Poor data destruction leaves Australia exposed | Information Age | #itsecurity | #infosec


We sell old government computers to other countries. Photo: Shutterstock

Sales of WV Technologies’ refurbished computers and network equipment have dried up “completely” since the company stepped up its data-destruction capabilities, according to company executives who suspect it’s because they are doing their job too well.

Until recently, WV – which buys large volumes of obsolete equipment, then cleanses them of data before refurbishing or recycling them – was shipping “at least a container of equipment every month” to overseas buyers, founding director Kurt Gruber told Information Age.

Demand from many long-term buyers, however, dried up soon after the company boosted its data-destruction capabilities to a level where it recently became the only Australian company to offer every category of the National Association for Information Destruction (NAID) AAA certification guidelines required to destroy hard drives, SSD drives, and other equipment containing data up to ‘Top Secret’ classification.

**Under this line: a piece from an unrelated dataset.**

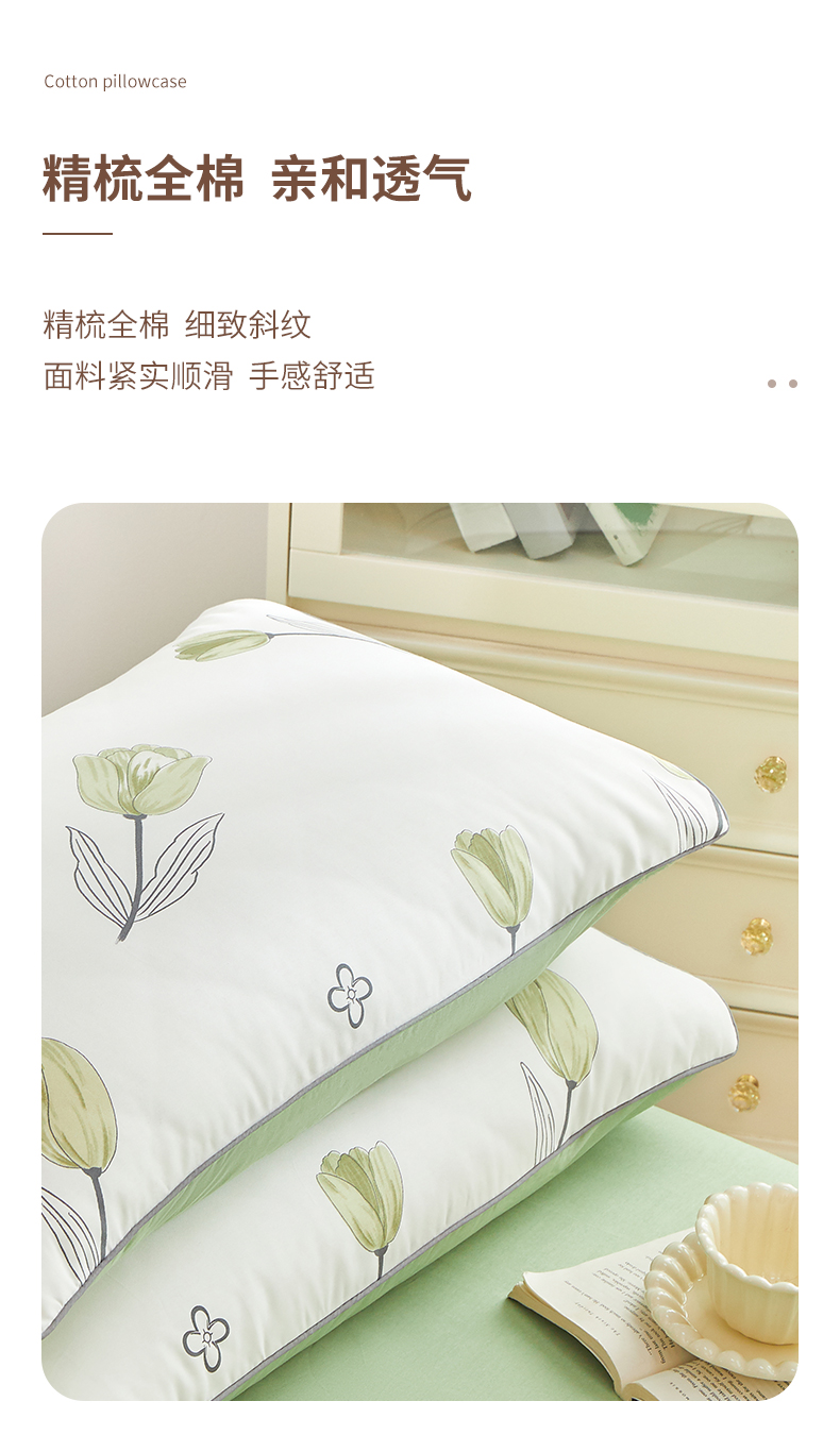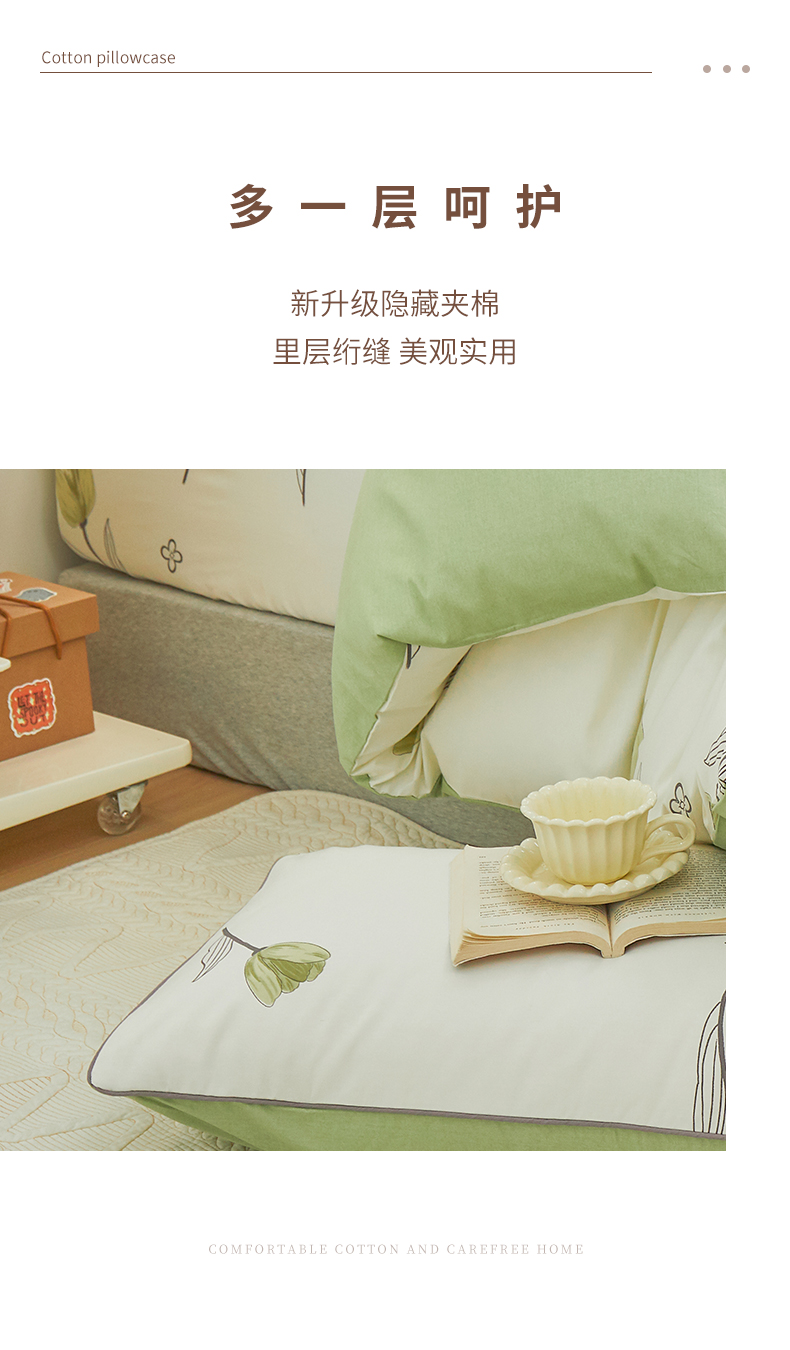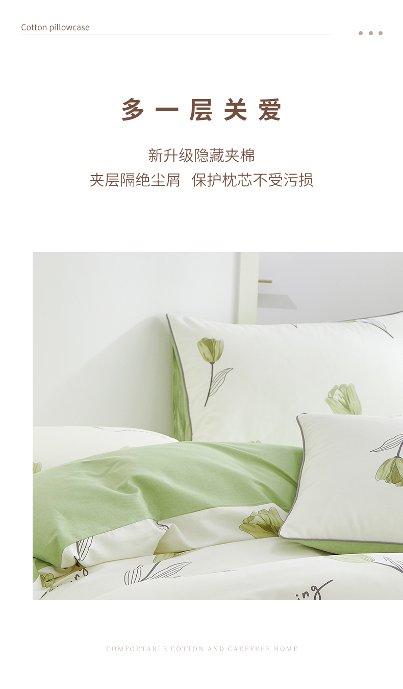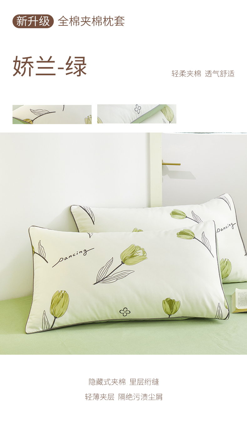 商品名称:元元 2024新款小清新隐藏式夹棉套件单品-夹棉枕套 娇兰-绿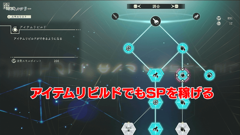 アイテムリビルドでも、調合の際と同じだけのスキルポイントを稼げる。リビルドで稼ぐ場合は完成品の入手はできないものの、レシピを選ぶ手間が省けるため、調合を繰り返すよりも僅かに早くSPを稼げる。

The business had been steady for years, Gruber said, admitting he had been “bewildered” why buyers were happy to pay high prices for obsolete computer equipment that had no contemporary value.

“Why would anyone pay $25 for a Core Duo desktop when it doesn’t make any sense?” he explained. “This led us to believe that they’re buying the containers because of the data that’s in them – rather than the hardware itself.”

It’s just a theory, he says, but the timing of the sales slump leads the company to suspect that “they completely stopped buying because you won’t find data on our equipment”.

“It’s a bit of a funny thing,” he adds, “because it makes it harder for us to win the work because another vendor who doesn’t do it properly will tell clients they can get $25 each for their old desktops.”

Government policies require agencies to destroy hard drives and other data-carrying media before they send their obsolete gear to recyclers like WV Technologies, but it doesn’t always happen that way.

Disposal tasks are often delegated to overworked IT staff, who are already tied up with myriad other duties and can easily overlook the many places in a computer where important data is stored – including one or more hard drives; SSD drives; SD cards left inserted in slots; CD-ROM disks; tape backups; and other devices.

Agencies “think they’re doing the right thing,” Gruber said, “but they’re trusting a human to follow a process.”

If those storage media make their way into the wrong hands, they can not only compromise sensitive government information – but can expose operational data, such as network router maps and voice-over-IP configuration details, that could be exploited to facilitate a larger cybersecurity attack.

One shipment of 200 old IP phones, he said, still had configuration information that meant “I could call you from the IP phone and it would come up with [the original user’s] name”.

Top-secret destruction

Government agencies regularly auction off their old equipment as part of their equipment lifecycle management processes, with firms like Grays Online and AllBids and Pickles Auctions offering thousands of old laptops, tablets, and other devices every week.

WV regularly buys old equipment in auction lots, employing around 30 people – including a steady supply of Indigenous trainees that helped its parent Worldview Foundation become a finalist in the recent Supply Nation Supplier Diversity Awards.

Of these lots, Gruber says, “about 1 in 250 has data on it – which is insane, because they’re sending containers of this stuff offshore.”

With so much data leaking out of government agencies, properly finding and destroying data-bearing equipment is table stakes for WV Technologies, which advertises itself as “[delivering] certainty with purpose”.

For federal government agencies tasked with meeting the data-destruction requirements of the Protective Security Policy Framework (PSPF), comprehensive data destruction is a critical part of information security – but a glance at the strict requirements makes it clear why so few companies are allowed to handle information classified as SECRET and TOP SECRET.

The PSPF and companion Information Security Manual spell out extensive requirements for the protection of sensitive classified information, including the need to physically shred paper documents and IT media into pieces no larger than 3mm – compared with 9mm for ‘Protected’ level information.

WV’s disintegrator cuts media into 2.38mm pieces – but with so much data being missed despite best efforts, he warns, the mass exporting of old Australian government equipment could easily facilitate the next major nation-state attack on Australian government agencies or companies.

“There’s a big focus on the front end of cybersecurity and stopping people getting into existing networks,” director Jamie Miller explains, “but the amount of data we intercept from government departments, defence contractors, law firms and a range of people [is amazing].”

“It’s very easy for someone from adversarial state actors to purchase from Australia – and if there’s not a process on the disposal side, the amount of information they could get is a lot.”